September 3 & 10, 2019

Salcedo v. Hanna, Case No. 17-14077 (11th Cir. 2019).

Sending a single text message does not violate the Telephone Consumer Protection Act of 1991, 47 U.S.C. § 227(b)(1)(A)(iii).

Regions Bank v. Legal Outsource PA, Case No. 17-11736 (11th Cir. 2019).

A guarantor is not an “applicant” under the under the Equal Credit Opportunity Act, 15 U.S.C. §§ 1691(a), 1691a(b), and accordingly may not seek relief under the Act.

In Re: Standard Jury Instructions In Civil Cases and Standard Jury Instructions In Contract And Business Cases—Joint Report No. 19-01, Case No. SC19-185 (Fla. 2019).

The standard verdict form for breach of fiduciary duty is approved by the Florida Supreme Court.
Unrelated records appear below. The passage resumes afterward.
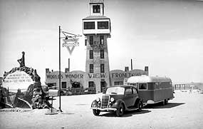 The development of amusement parks in the late nineteenth and early twentieth centuries often manifested itself in Novelty architecture. Automobile tourism fostered an associated roadside industry of gas stations, diners, motels and various attractions “not to be missed.” Proprietors employed Novelty architecture to catch the eye of passing motorists.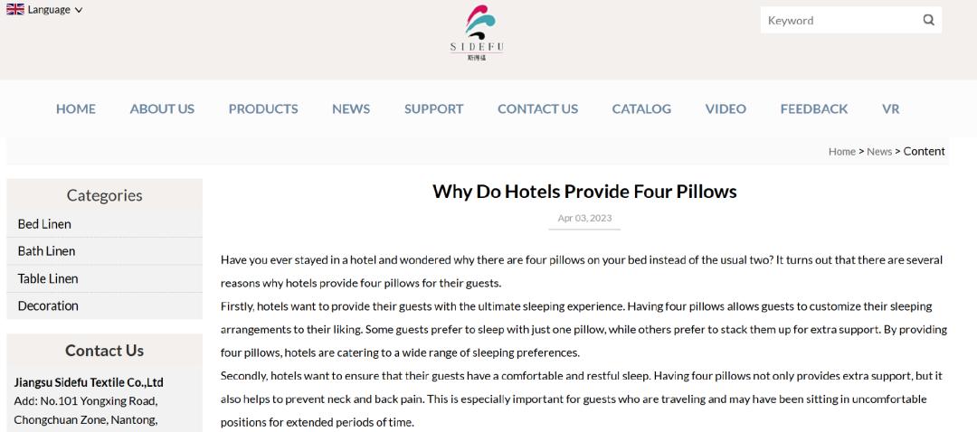Sidefu China. (2023, April 3). Why do hotels provide four pillows. Sidefu China.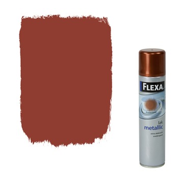 Flexa hoogglans spuitlak in de kleur koperrood metallic is geschikt voor binnen en buitengebruik. De spuitlak is toepasbaar op metaal, hout en harde kunststoffen. Voor een optimaal resultaat dient u de verf en het object in dezelfde ruimte te bewaren waar gespoten wordt. Flexa hoogglans spuitlak is niet toepasbaar over waterverdunbare verven en indien het spuiten onderbroken wordt dan de bus op de kop houden en doorspuiten, om verstopping te voorkomen. De inhoudsmaat is 400 ml.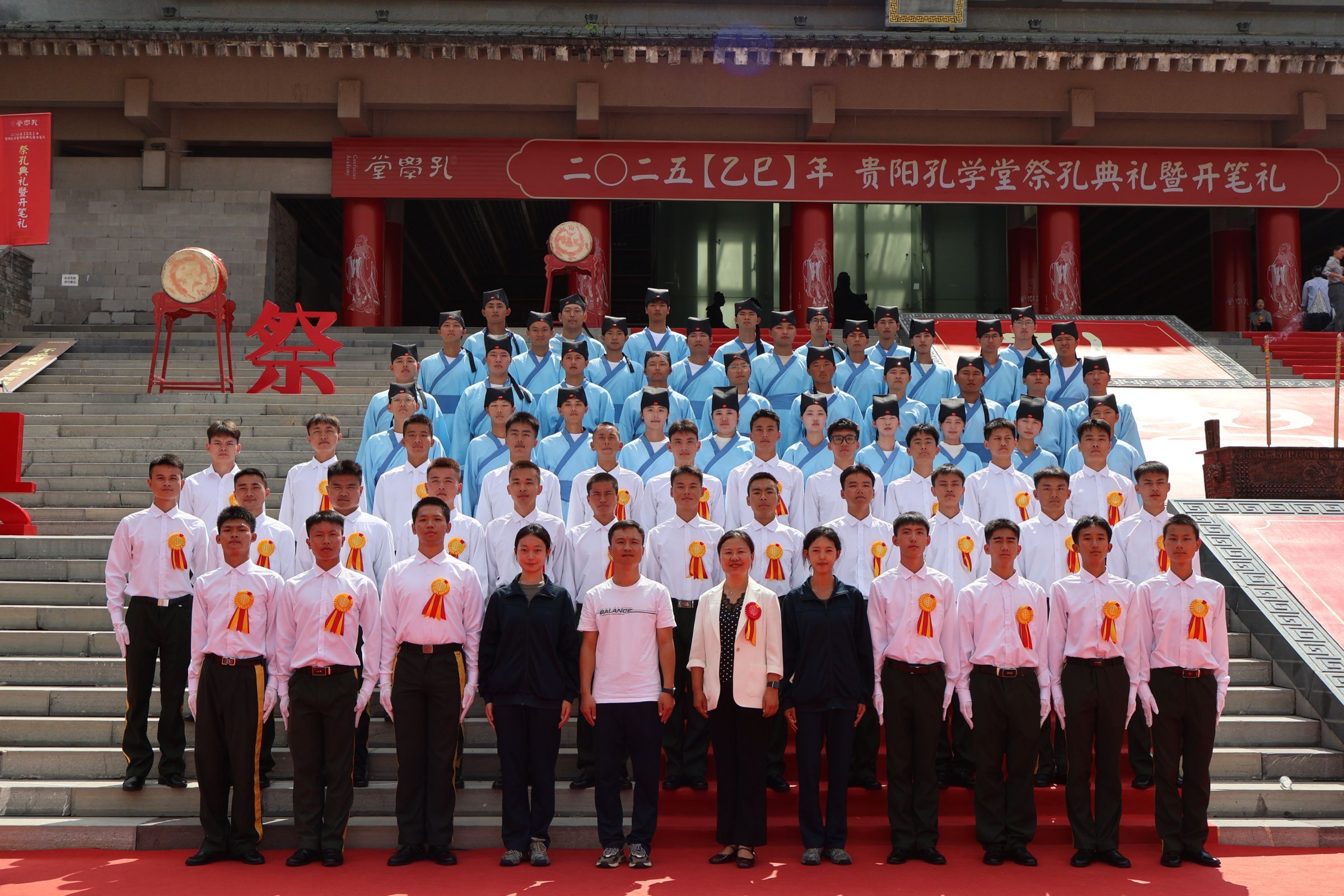 9月28日,受贵阳孔学堂文化传播中心邀请,我校国旗护卫队一行60名队员前往孔学堂,为2025(乙巳)年“祭孔典礼”暨开笔礼活动提供协助,以青春力量参与并见证了这一传统文化盛事。此次活动由学工部副部长文静、国护队指导老师肖亚带队。

Atkins North America, Inc. Tallahassee MH Parks, LLC, Case No. 1D17-2996 (Fla. 1st DCA 2016).

Reformation of a mortgage will not be permitted where doing so materially affects a creditor who recorded a judgment lien after the recordation of the inaccurate mortgage.

Suzuki Motor Corporation v. Winckler, Case No. 1D18-4815 (Fla. 1st DCA 2019).

The Apex Doctrine (“[an] agency head should not be subject to deposition, over objection, unless and until the opposing parties have exhausted other discovery and can demonstrate that the agency head is uniquely able to provide relevant information which cannot be obtained from other sources.”) does not apply outside of government and thus does not apply to shield the C.E.O. of a multinational company from discovery.

Batterbee v. Roderick, Case No. 2D18-2037 (Fla. 2d DCA 2019).

A permissive use of real property may change into a non-permissive use sufficient to support a claim for adverse possession.

Hopson v. Deutsche Bank National Trust Company, Case No. 2D18-673 (Fla. 2d DCA 2019).

A defending mortgagor that wins dismissal but does not admit privity with the plaintiff is not entitled to an award of attorney’s fees under Florida Statute section 57.105(7); Harris v. Bank of New York Mellon, 44 Fla. L. Weekly D141 (Fla. 2d DCA Dec. 28, 2018), is distinguished on its facts.

Ancla International, S.A. v. Tribeca Asset Management, Inc., Case No. 3D18-1078 (Fla. 3d DCA 2019).

The following provision both selects Florida as the jurisdiction whose law is to apply, and confers jurisdiction sufficient for long-arm purposes:

This agreement will be governed by the laws of the State of Florida of the United States of America (USA), a jurisdiction accepted by the parties irrespective of the fact that the principal activity of the beer project will be conducted in Colombia. 

Beach Towing Services, Inc. v. Sunset Land Associates, LLC, Case Nos. 3D18-1837 & 3D18-2168 (Fla. 3d DCA 2019).

Restrictive covenants are interpreted in a fashion which least restricts the use of the property, and accordingly, the following provision prohibits a garage company but not a garage:

This property is being conveyed by the Grantor to the Grantee subject to the Grantee agreeing that the property will not be used as a parking lot, storage yard facility or for a garage or tow truck company. This covenant shall run with the land.

Valencia Reserve Homeowners Association, Inc. Boynton Beach Associates, XIX, LLLP, Case No. 4D18-1320 (Fla. 4th DCA 2019).

It is not a violation of the Florida Homeowner’s Association Act for a developer to use working capital funds contributed by purchasers into a homeowner’s association account to fund the developer’s negative equity contributions under Florida Statute section 720.308(1)(b).

Grace and Naeem Uddin, Inc. v. Singer Architects, Inc., Case No. 4D18-2972 (Fla. 4th DCA 2019).

A supervising architect owes a duty to a contractor and may be held liable in tort for professional negligence notwithstanding the architect and contractor both have contracts with the developer. In other words, the existence of the contracts does not bar the tort duty owed by the architect to the builder.